EDOUARD PRIVAT, Libraire-éditeur

Rue des Tourneurs, 45

 

1880

Bastides du Périgord

Sainte-Foy-la-Grande

1255

 

Cette ville, d’environ 3000 âmes, aujourd’hui chef-lieu de canton dans l’arrondissement de Libourne, sur la rive gauche de la Dordogne, se trouvait située autrefois dans le Périgord, suivant M. Verneilh-Puiraseau, (Hist. d’Aquit., t. I, p 370). Le même auteur, dans une savante notice sur l’architecture civile au moyen-âge, publiée en 1847 dans les Annales archéologiques de Didron (t. VI, p. 83), dit que Sainte-Foy fut une bastide anglaise; que la date de son origine est ignorée; que son nom témoigne qu’elle appartenait primitivement à la fameuse abbaye de Conques. Cette petite ville était fortifiée et avait des rues tracées au cordeau avec une place centrale entourée d’arcades sous lesquelles les voitures étaient obligées de passer.

Sainte-Foy ne fut nullement une bastide d’origine anglaise; au contraire, elle fut fondée sous le gouvernement du comte Alphonse, à la suite d’un paréage conclu au mois de juillet 1255, entre le prince et l’abbé de Conques (collection Doat, t. I, inventaires). La même collection (t. 5 et 117), a transcrit et nous a conservé le texte des coutumes et des privilèges que le comte Alphonse, étant à Vincennes en juin 1256, octroya aux nouveaux habitants.
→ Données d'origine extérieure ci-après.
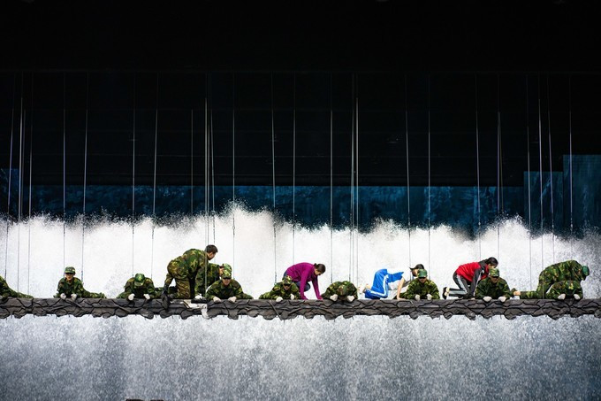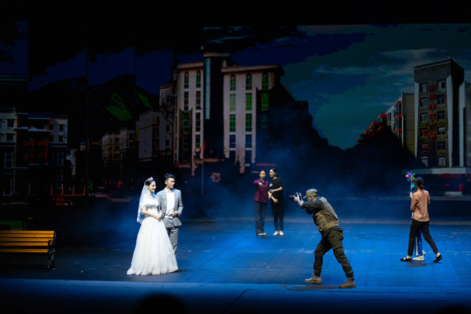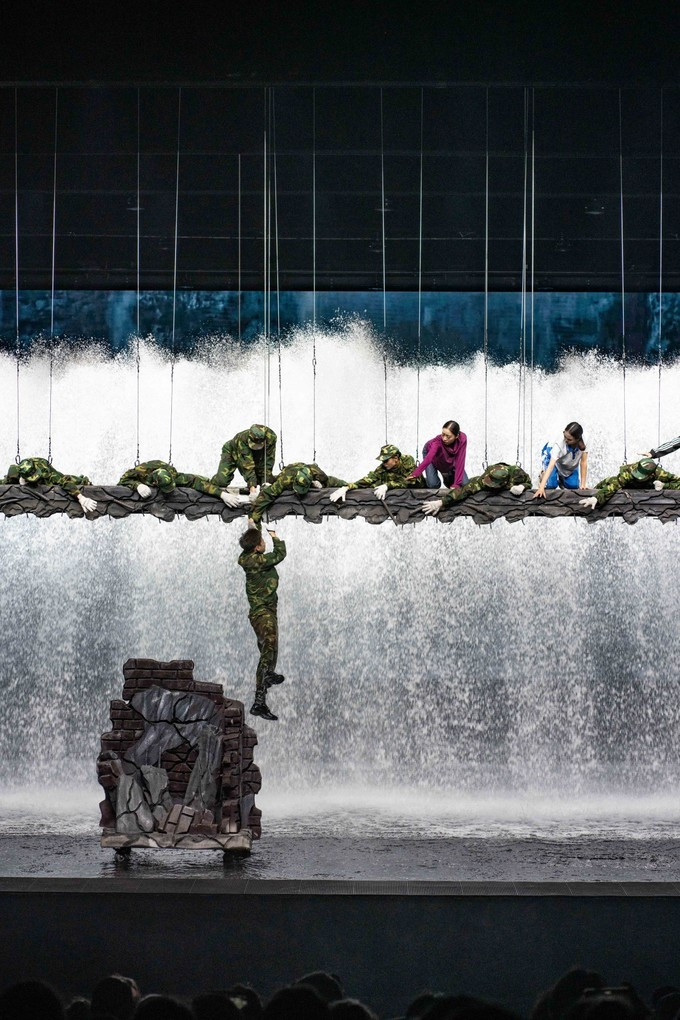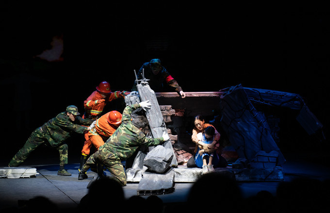 演出采用倒叙的形式,先是一名摄影师讲述了自己当时给一对新人拍摄婚纱时候的场景,接着就是女孩子出来回忆自己的母亲,在地震时,是如何保护保下她的,然后整个演出才算正式开始。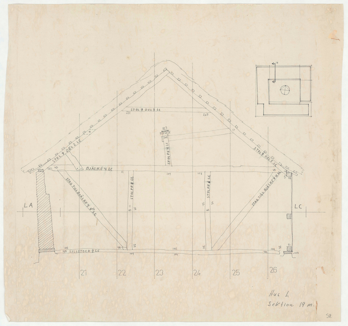 Titel: Skånegården. Norra log- och ladlängan. Sektionsritning Hus L.
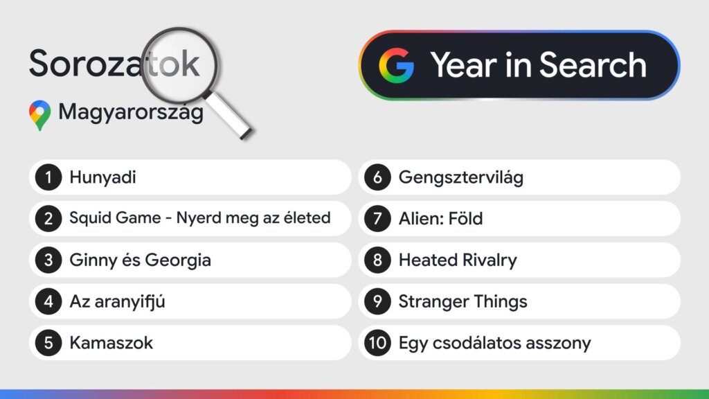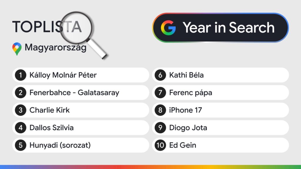 A Google hagyományosan az év végén teszi közzé „Year in Search” összeállítását, amely átfogó képet ad arról, milyen témák foglalkoztatták leginkább a felhasználókat, mik voltak az év legfelkapottabb keresései. A 2025-ös lista ismét pontos lenyomata az év közéleti, kulturális és szórakoztató eseményeinek – izgalmas képet adva például a hazai érdeklődési körökről, néha látványos és meglepő trendeket feltárva.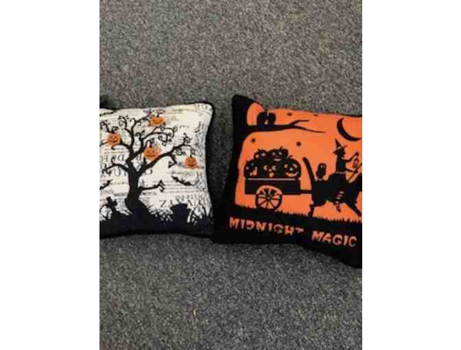 Jack O Lantern pillow by C and F  Enterprises and "Midnight Magic" pillow by Bethany Lowe Desings. Each pillow is approx. 13x13 inches.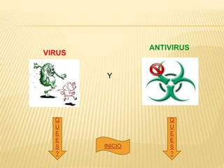 El documento describe los virus informáticos, su historia, tipos y funcionamiento. Explica que los virus son programas maliciosos que se propagan sin el permiso del usuario y pueden dañar datos o sistemas. También describe los antivirus, programas diseñados para detectar y eliminar virus. El primer virus conocido atacó una computadora IBM Serie 360 en 1972.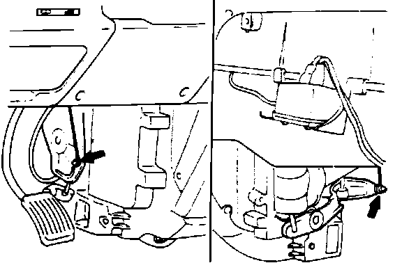 8. Disconnect control cable and lever from RH heater case.

D’autres privilèges, concernant la justice, furent accordés à la bastide de Sainte-Foy par Jourdain de Lubret, chevalier, sénéchal pour le roi de France, en Agenais et Gascogne, suivant lettres données à Marmande en novembre 1332. Ils furent confirmés par Philippe de Valois, à Châteauneuf, au mois de février suivant. (Trésor des Chartes, registre 66, folio 399). Le sénéchal fait la déclaration suivante dans le préambuke : Locus Sancte Fidei est regius et insignis et adeo proficiens regi, situatus in fine sive limitibus senescallie.

 

 

Villefranche-de-Belvès

1260

 

Sur les confins de la Dordogne et de Lot-et-Garonne, mais dans le premier de ces départements et dans l’arrondissement de Sarlat, existe une petite ville du nom de Villefranche-de-Belvès, chef-lieu de canton, dont la population atteint à peine dix-huit cents âmes. Plusieurs documents du moyen-âge le désigne indifféremment sous le nom de Villefranche du Périgord ou de Villefranche d’Agenais. C’était une bastide de frontière placée alors dans le diocèse de Sarlat.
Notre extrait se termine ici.